Last updated: April 2026. This document reflects the post-refactor architecture. The original design document is preserved in
docs/EXPERIMENTAL_DETAILS.md.
AgentQuant is a regime-adaptive quantitative research platform. The v2.0 refactor transforms it from a stateless parameter-tuning script into a defensible research tool with:
- A real ReAct agent loop (analyze → hypothesize → backtest → reflect → store)
- Scientific comparability: LLM proposals are constrained to a canonical
ParameterGrid, making LLM vs. grid-search comparisons valid - Statistical regime detection: VIX percentile (relative) instead of hardcoded absolute thresholds
- Look-ahead bias guards enforced at the backtest engine level
- Cross-session memory via SQLite so the agent can learn across runs
- 42 unit tests and a GitHub Actions CI gate
The agent runs a bounded ReAct loop with 5 explicit typed nodes:
analyze ──► hypothesize ──► backtest ──► reflect
▲ │
└────────── (retry ≤ N) ◄──────┘
│
store
class AgentState(TypedDict, total=False):
ohlcv_data: Dict[str, pd.DataFrame]
features_df: pd.DataFrame
context: Optional[RegimeContext]
proposals: List[Proposal]
results: List[Dict]
best_result: Optional[Dict]
iteration: int
max_iterations: int
strategy_type: str
asset: str
should_continue: bool
memory_context: str
run_log: List[str]Nodes:
| Node | Purpose |
|---|---|
analyze |
Build RegimeContext from features + regime detector |
hypothesize |
Generate proposals via ProposalGenerator |
backtest |
Run tournament: all proposals → rank by Sharpe |
reflect |
Accept if Sharpe ≥ min_acceptable_sharpe, else retry |
store |
Persist best result to StrategyMemory SQLite |
The loop retries at most config.agent.max_iterations times (default 3).

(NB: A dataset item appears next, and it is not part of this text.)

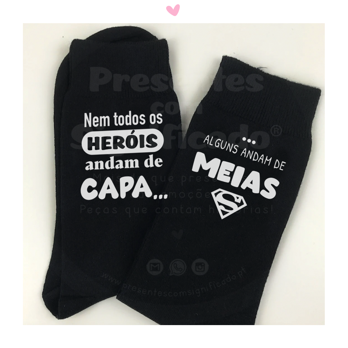 Par de meias personalizadas com frase "Nem todos os heróis andam de capa... alguns andam de meias!". Um presente útil e original. Personalizadas na zona lateral da canela  (área aproximada de 6x6cm), estas meias são o presente ideal em qualquer ocasião.
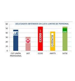 De un total de 312 delegados de Junta de Personal (personal funcionario y estatutario), CSIT UNIÓN PROFESIONAL ha obtenido un total de 47 en la 8 Juntas de Personal, es decir, en torno al 15,06% de la representatividad, alcanzando más de la mitad del porcentaje total de representación en la Junta de Personal de la Consejería de Sanidad (56,52%) con 13 delegados.

On max iteration, accepts the best result found regardless of threshold.
class BasePlanner(ABC):
def generate_proposals(self, prompt: str, n: int) -> List[Dict]: ...
def is_available(self) -> bool: ...Concrete implementations:
GeminiPlanner—google-generativeaiSDKLangChainPlanner—langchain-google-genaiOpenAIPlanner—openaiFallbackPlanner— returns[], triggering grid search
create_planner() factory checks credential availability in order and returns the first viable planner.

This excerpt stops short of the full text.